If assumptions are still not met, repeat with a different transformation or consider alternative approaches.

ANOVAs are robust against departures from normality, depending on the extent of the departure.
Violations of equal variance are more problematic.

Before 2000, data transformation was a very common approach.
Since the early 2000s, generalized linear models (GLMs) have become more prevalent, allowing for the use of other distributions besides the normal distribution.
A combination of both approaches is often seen in current practice.

A rank-based test that does not assume a specific distribution.
Less powerful than parametric tests (lower ability to detect a difference).
Limited to simple one-way ANOVA designs.
P-values from Kruskal-Wallis tests may differ from parametric ANOVA results due to assumption violations or lower power.

Post-hoc tests are conducted only if the ANOVA model reveals a significant difference to determine what is driving the difference.

Involve conducting multiple pairwise comparisons (t-tests) between group means.
For example, with four treatment levels, the comparisons are 1 vs 2, 1 vs 3, 1 vs 4, 2 vs 3, 2 vs 4, and 3 vs 4.

Looking at the difference in means between two groups divided by some measure of the variation.
t = \frac{\bar{Y2} - \bar{Y1}}{\sqrt{MSE(\frac{1}{n1} + \frac{1}{n2})}}

Post-hoc testing can be approached statistically or graphically (or a combination).
A graphical approach involves examining means and confidence intervals.
If 95% confidence intervals overlap, there is no significant difference between those groups.
If confidence intervals do not overlap, there is a significant difference.

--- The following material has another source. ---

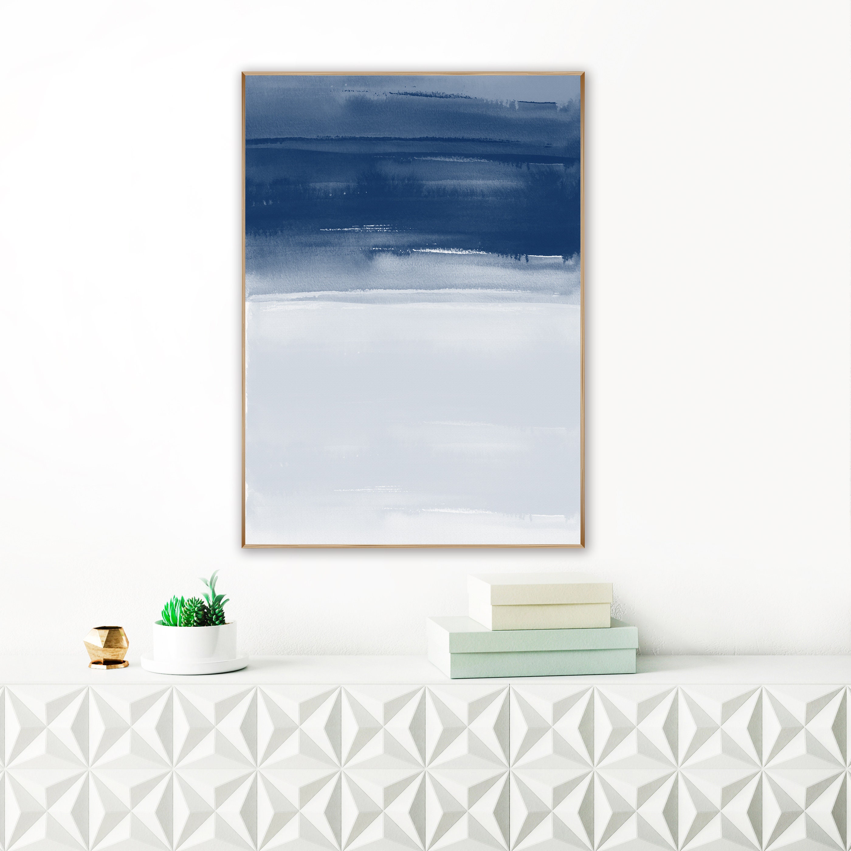 Navy Watercolour Print Indigo Abstract Art Printable Living Room

When p-values are close to 0.05, confidence intervals might overlap, leading to conflicting conclusions between statistical and graphical approaches.
Graphical approaches can be more conservative.

As the number of pairwise comparisons increases, the chance of committing a Type I error (false positive) also increases.
Family-wise error rate (FWER) is the probability of making at least one Type I error among all the comparisons.
To control FWER, adjust p-values using methods like Bonferroni correction (set a smaller p-value).

Controls for the family-wise error rate.
There is a trade-off: the more FWER is controlled, the less power there is to detect a real difference.
The e-means package in R can be used to run Tukey's test and generate plots.
Base R also has a TukeyHSD function for performing Tukey's test.
- The output includes the difference in means, upper and lower confidence intervals, and adjusted p-values.

Exploration:
- Create box plots to visualize differences and skewness.
ANOVA Model:
- Fit an ANOVA model to the data.
Check Assumptions:
- Assess normality using residual plots and formal tests.
- Assess equal variance using Bartlett's test or fitted vs. residual plots.
Post-Hoc Tests:
- If ANOVA is significant, perform post-hoc tests to determine which groups differ.
- Use graphical approaches (e.g., confidence interval plots) to visualize differences.
- Use Tukey's test for pairwise comparisons with FWER control.